In the PCIe 3.0 space, the Z340 competes against other Phison E12 reference designs sold under different brands — the Sabrent Rocket, Silicon Power P34A80, and Corsair MP510 all share the same controller blueprint. Among them, the Z340's differentiator is strictly the graphene-copper cooler; the underlying performance envelope is near-identical. Buyers who already have motherboard M.2 heatsinks covered will find no meaningful speed difference between these options and should simply pick the best warranty and pricing at purchase time.

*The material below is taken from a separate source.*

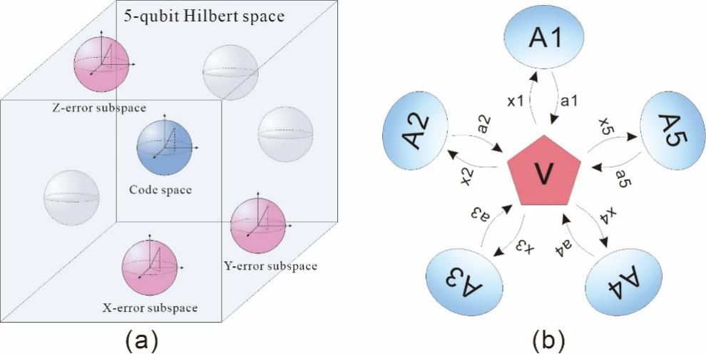 图1(a)逻辑子空间和(b)量子自检验示意图

Cardea Zero Z340 Performance & Benchmarks

Team Group rates the 256 GB Cardea Zero Z340 at 3,400 MB/s sequential reads and 3,000 MB/s sequential writes, figures that sit at the PCIe 3.0 x4 ceiling for reads and come within striking distance for writes. Random performance is rated at 450,000 IOPS read and 400,000 IOPS write, placing it in the upper tier of Gen3 drives with DRAM.

Performance comparison

Team Group Cardea Zero Z340 256 GB vs M.2 3.0 x 4 peers

Switch between sequential throughput and random IOPS to see how this drive stacks up against other M.2 3.0 x 4 SSDs in our database. The highlighted bar is the drive on this page — click any other bar to open that drive.

  • ADATA SX 8800 Pro 512 GB: 3,500 MB/s read, 2,700 MB/s write
  • ADATA SX 8800 Pro 1 TB: 3,500 MB/s read, 2,700 MB/s write
  • ADATA XPG Spectrix S40G RGB 256 GB: 3,500 MB/s read, 3,000 MB/s write
  • ADATA XPG Spectrix S40G RGB 512 GB: 3,500 MB/s read, 3,000 MB/s write
  • Team Group Cardea Zero Z340 256 GB (this drive): 3,400 MB/s read, 3,000 MB/s write

Independent reviewers consistently measure peak sequential reads within 2–3% of the rated 3,400 MB/s, and the Phison E12's pseudo-SLC cache absorbs burst writes well enough that most real-world workloads — game installs, OS image deployments, 4K video file transfers — never exhaust the buffer. Sustained sequential writes after the SLC cache fills settle around 500–600 MB/s, which is typical for TLC drives of this generation and irrelevant for the boot-drive role a 256 GB SSD normally fills. For gaming, load times between the Z340 and a SATA SSD are night-and-day, while the gap to a PCIe 4.0 drive is measurable in benchmarks but rarely perceptible without a stopwatch. The graphene-copper heat spreader earns its keep in airflow-starved environments: reviewers report the Z340 throttles later than bare Phison E12 drives under sustained write loads, though a motherboard heatsink still outperforms it in well-ventilated desktops.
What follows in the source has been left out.